Work request: What is needed is an exact reproduction of the lines in the records below, starting at the line with "人の眼は見えるものにとらわれ" and ending at the line with "收到短信通知人员请务必确定是", both included, and nothing else; pictures stay out.

Records supplied:

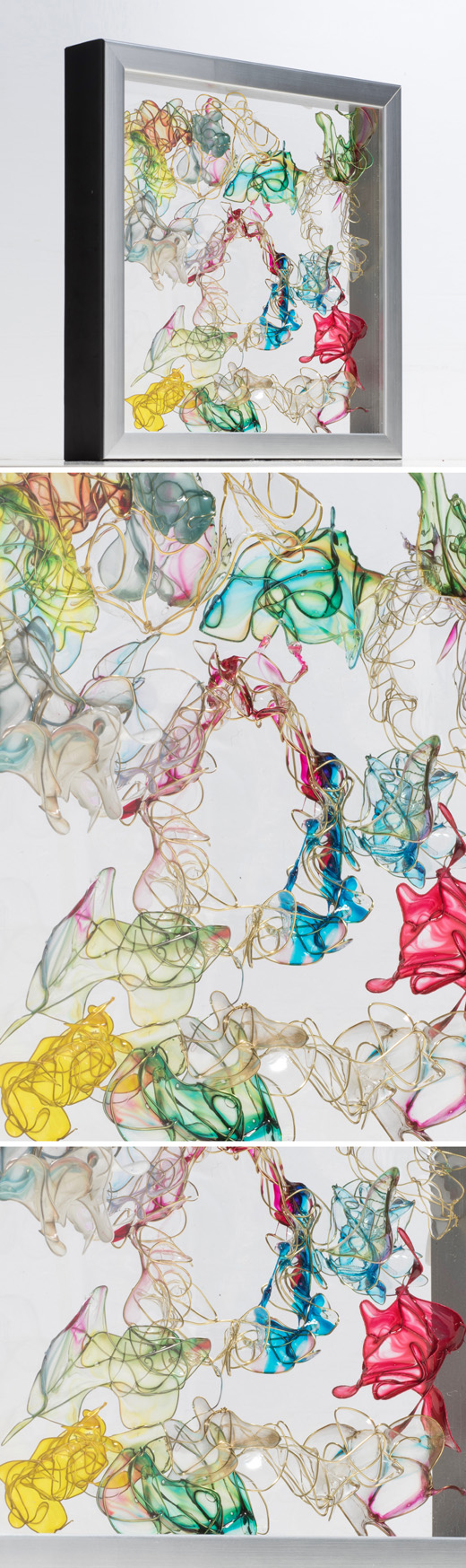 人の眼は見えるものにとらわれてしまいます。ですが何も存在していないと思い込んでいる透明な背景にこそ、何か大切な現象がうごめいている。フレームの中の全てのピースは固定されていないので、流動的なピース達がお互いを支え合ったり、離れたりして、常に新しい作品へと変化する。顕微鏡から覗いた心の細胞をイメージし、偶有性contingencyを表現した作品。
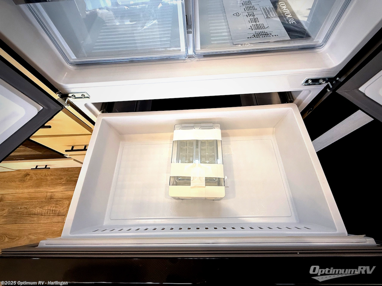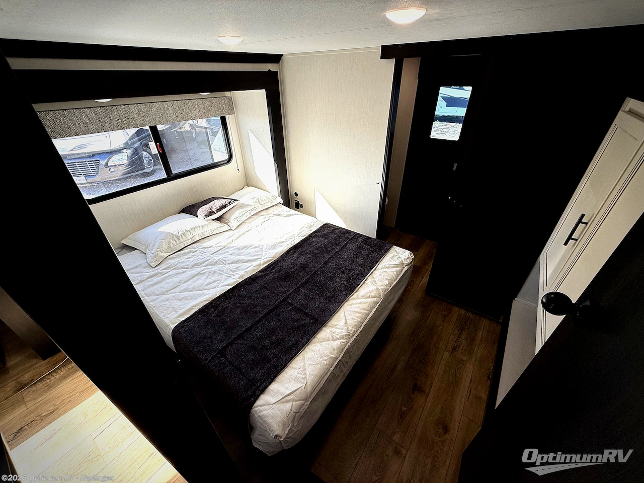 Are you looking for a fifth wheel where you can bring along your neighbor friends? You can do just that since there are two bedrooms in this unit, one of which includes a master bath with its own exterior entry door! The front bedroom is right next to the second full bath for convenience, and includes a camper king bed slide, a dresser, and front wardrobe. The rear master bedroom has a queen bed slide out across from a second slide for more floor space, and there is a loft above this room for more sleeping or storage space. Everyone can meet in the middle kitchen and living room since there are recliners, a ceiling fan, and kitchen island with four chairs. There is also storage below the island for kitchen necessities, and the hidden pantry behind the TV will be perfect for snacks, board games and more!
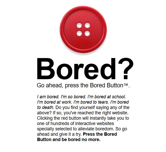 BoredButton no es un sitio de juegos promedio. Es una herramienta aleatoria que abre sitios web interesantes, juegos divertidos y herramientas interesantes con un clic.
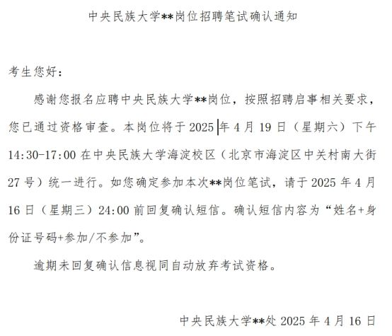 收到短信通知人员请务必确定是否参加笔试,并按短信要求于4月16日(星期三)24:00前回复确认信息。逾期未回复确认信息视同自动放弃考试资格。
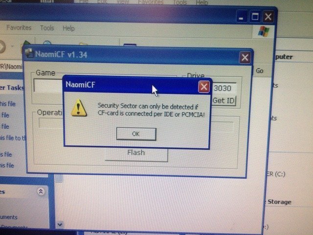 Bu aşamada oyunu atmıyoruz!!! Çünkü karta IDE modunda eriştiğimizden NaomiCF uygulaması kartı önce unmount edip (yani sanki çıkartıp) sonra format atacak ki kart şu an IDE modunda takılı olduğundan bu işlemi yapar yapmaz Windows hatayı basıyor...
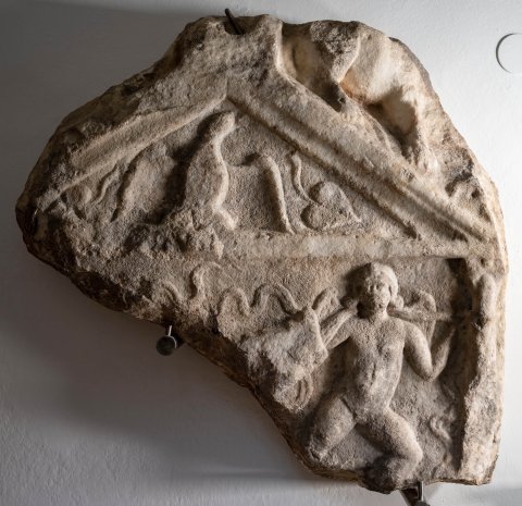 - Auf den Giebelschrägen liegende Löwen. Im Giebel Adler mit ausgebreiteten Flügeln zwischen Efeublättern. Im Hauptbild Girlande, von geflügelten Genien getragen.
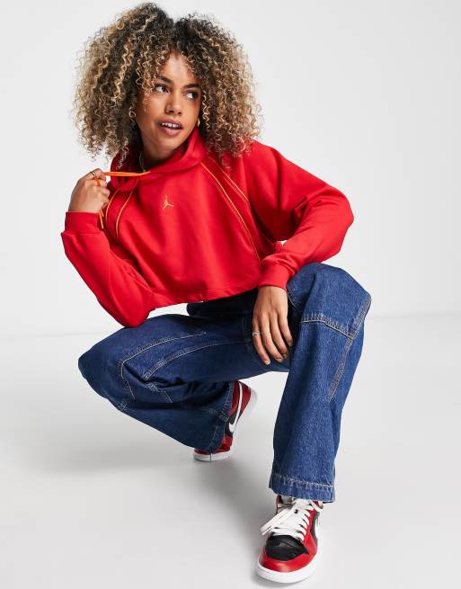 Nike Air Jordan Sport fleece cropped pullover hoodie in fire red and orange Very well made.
---
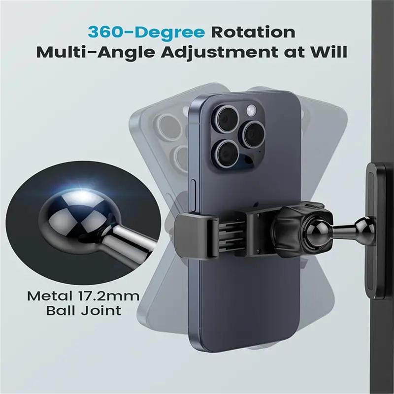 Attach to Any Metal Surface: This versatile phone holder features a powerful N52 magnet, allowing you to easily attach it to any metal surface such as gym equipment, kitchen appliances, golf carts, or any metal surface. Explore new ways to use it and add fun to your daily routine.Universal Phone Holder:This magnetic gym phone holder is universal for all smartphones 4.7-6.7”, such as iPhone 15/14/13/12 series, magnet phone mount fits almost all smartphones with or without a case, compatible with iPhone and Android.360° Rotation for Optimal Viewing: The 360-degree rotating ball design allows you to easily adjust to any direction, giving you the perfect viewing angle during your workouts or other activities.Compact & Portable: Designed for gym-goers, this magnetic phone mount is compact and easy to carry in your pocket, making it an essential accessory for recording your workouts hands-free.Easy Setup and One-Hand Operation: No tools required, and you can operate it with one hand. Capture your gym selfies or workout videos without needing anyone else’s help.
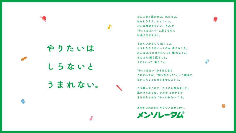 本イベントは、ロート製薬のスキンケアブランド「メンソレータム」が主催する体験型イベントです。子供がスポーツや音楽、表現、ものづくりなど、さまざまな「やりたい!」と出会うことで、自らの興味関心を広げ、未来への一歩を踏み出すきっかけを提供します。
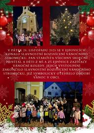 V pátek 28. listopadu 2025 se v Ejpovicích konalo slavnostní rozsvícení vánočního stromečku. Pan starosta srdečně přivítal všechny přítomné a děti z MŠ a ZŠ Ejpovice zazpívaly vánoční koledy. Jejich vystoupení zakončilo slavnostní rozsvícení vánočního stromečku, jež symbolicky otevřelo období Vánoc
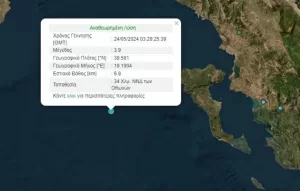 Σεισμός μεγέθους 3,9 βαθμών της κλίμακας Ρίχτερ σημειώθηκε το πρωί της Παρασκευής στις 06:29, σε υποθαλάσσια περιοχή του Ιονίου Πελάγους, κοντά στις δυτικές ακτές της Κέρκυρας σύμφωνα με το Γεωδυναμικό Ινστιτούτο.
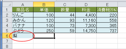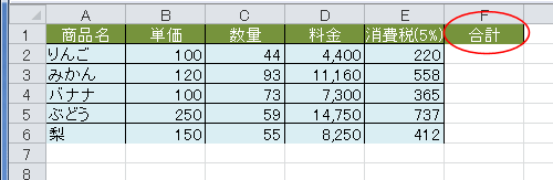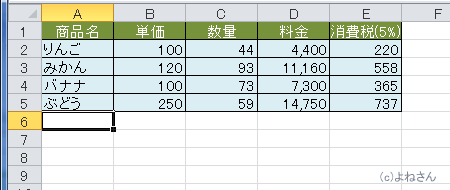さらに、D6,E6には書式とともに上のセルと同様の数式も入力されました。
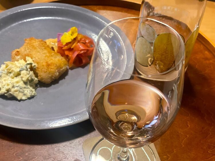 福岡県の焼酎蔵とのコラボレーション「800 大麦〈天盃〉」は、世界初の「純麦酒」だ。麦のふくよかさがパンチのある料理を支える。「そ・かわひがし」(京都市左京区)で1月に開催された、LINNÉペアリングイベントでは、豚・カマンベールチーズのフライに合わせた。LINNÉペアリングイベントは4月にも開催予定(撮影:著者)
--
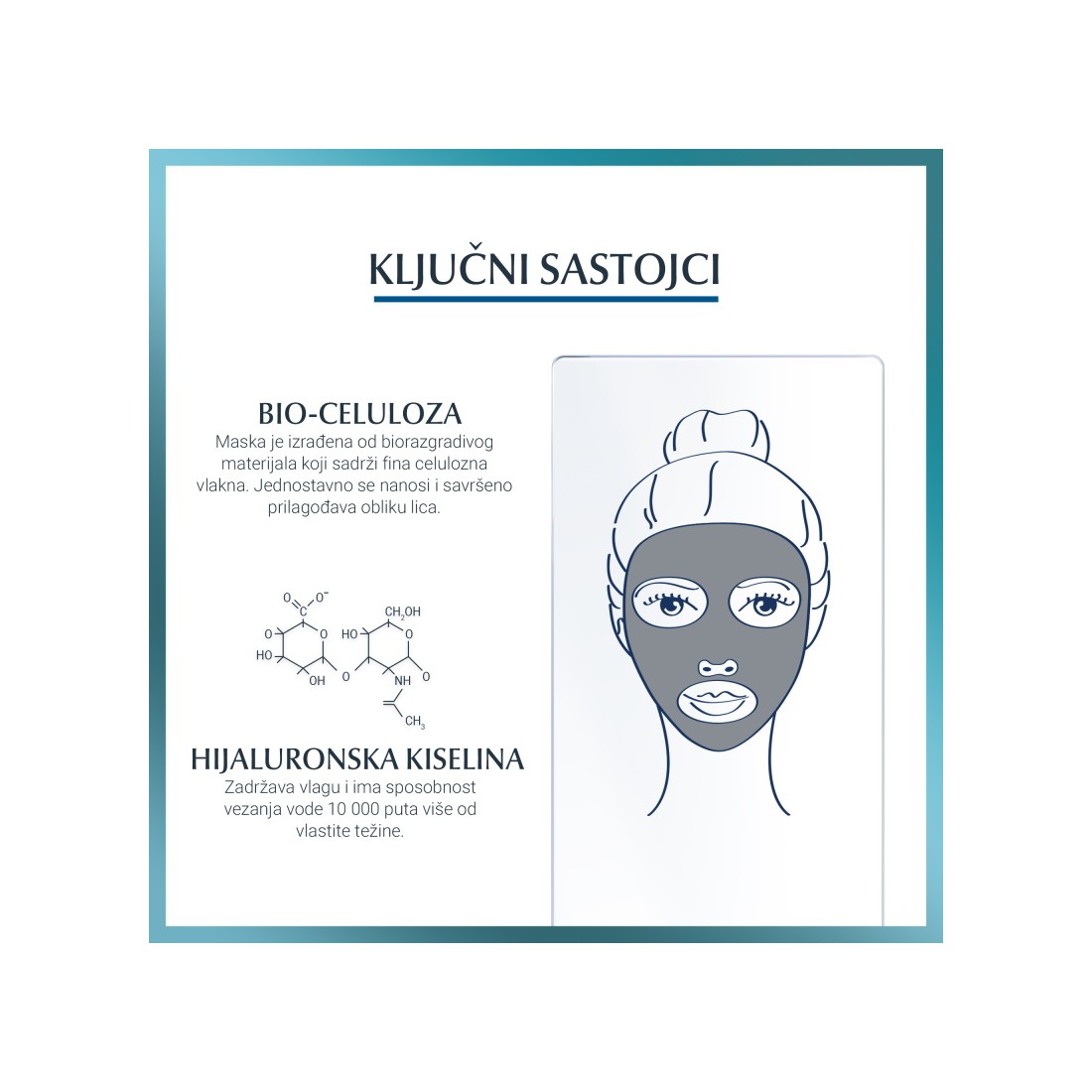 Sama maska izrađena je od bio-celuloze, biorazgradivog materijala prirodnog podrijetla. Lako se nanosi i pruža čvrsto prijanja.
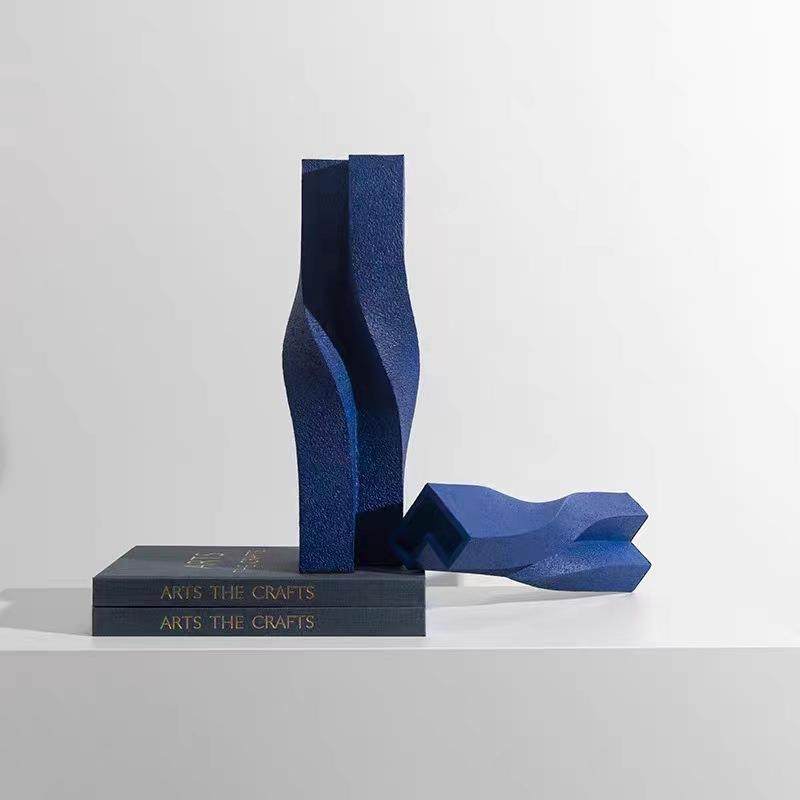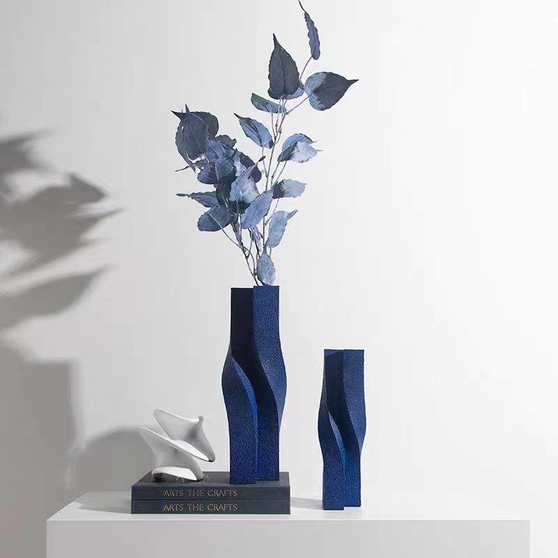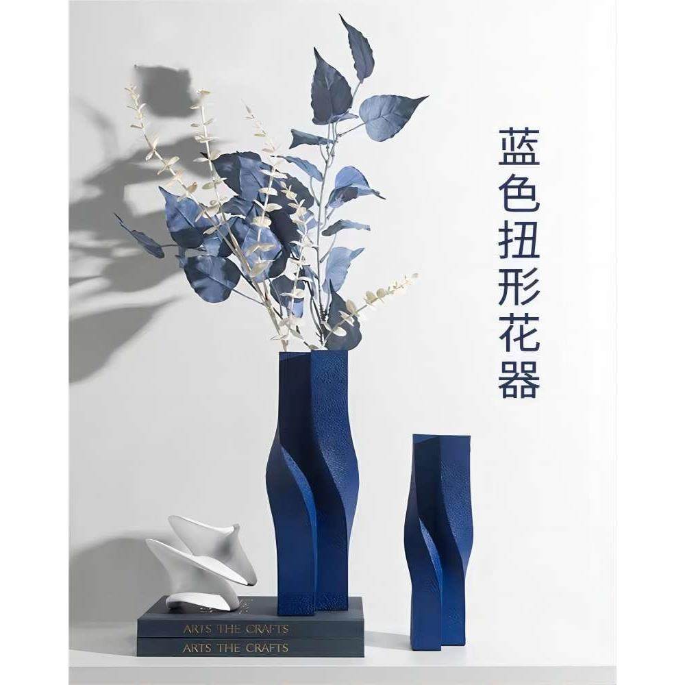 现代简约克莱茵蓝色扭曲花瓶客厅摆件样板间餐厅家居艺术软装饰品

Exercise response:
 人の眼は見えるものにとらわれてしまいます。ですが何も存在していないと思い込んでいる透明な背景にこそ、何か大切な現象がうごめいている。フレームの中の全てのピースは固定されていないので、流動的なピース達がお互いを支え合ったり、離れたりして、常に新しい作品へと変化する。顕微鏡から覗いた心の細胞をイメージし、偶有性contingencyを表現した作品。
 Are you looking for a fifth wheel where you can bring along your neighbor friends? You can do just that since there are two bedrooms in this unit, one of which includes a master bath with its own exterior entry door! The front bedroom is right next to the second full bath for convenience, and includes a camper king bed slide, a dresser, and front wardrobe. The rear master bedroom has a queen bed slide out across from a second slide for more floor space, and there is a loft above this room for more sleeping or storage space. Everyone can meet in the middle kitchen and living room since there are recliners, a ceiling fan, and kitchen island with four chairs. There is also storage below the island for kitchen necessities, and the hidden pantry behind the TV will be perfect for snacks, board games and more!
 BoredButton no es un sitio de juegos promedio. Es una herramienta aleatoria que abre sitios web interesantes, juegos divertidos y herramientas interesantes con un clic.
 收到短信通知人员请务必确定是否参加笔试,并按短信要求于4月16日(星期三)24:00前回复确认信息。逾期未回复确认信息视同自动放弃考试资格。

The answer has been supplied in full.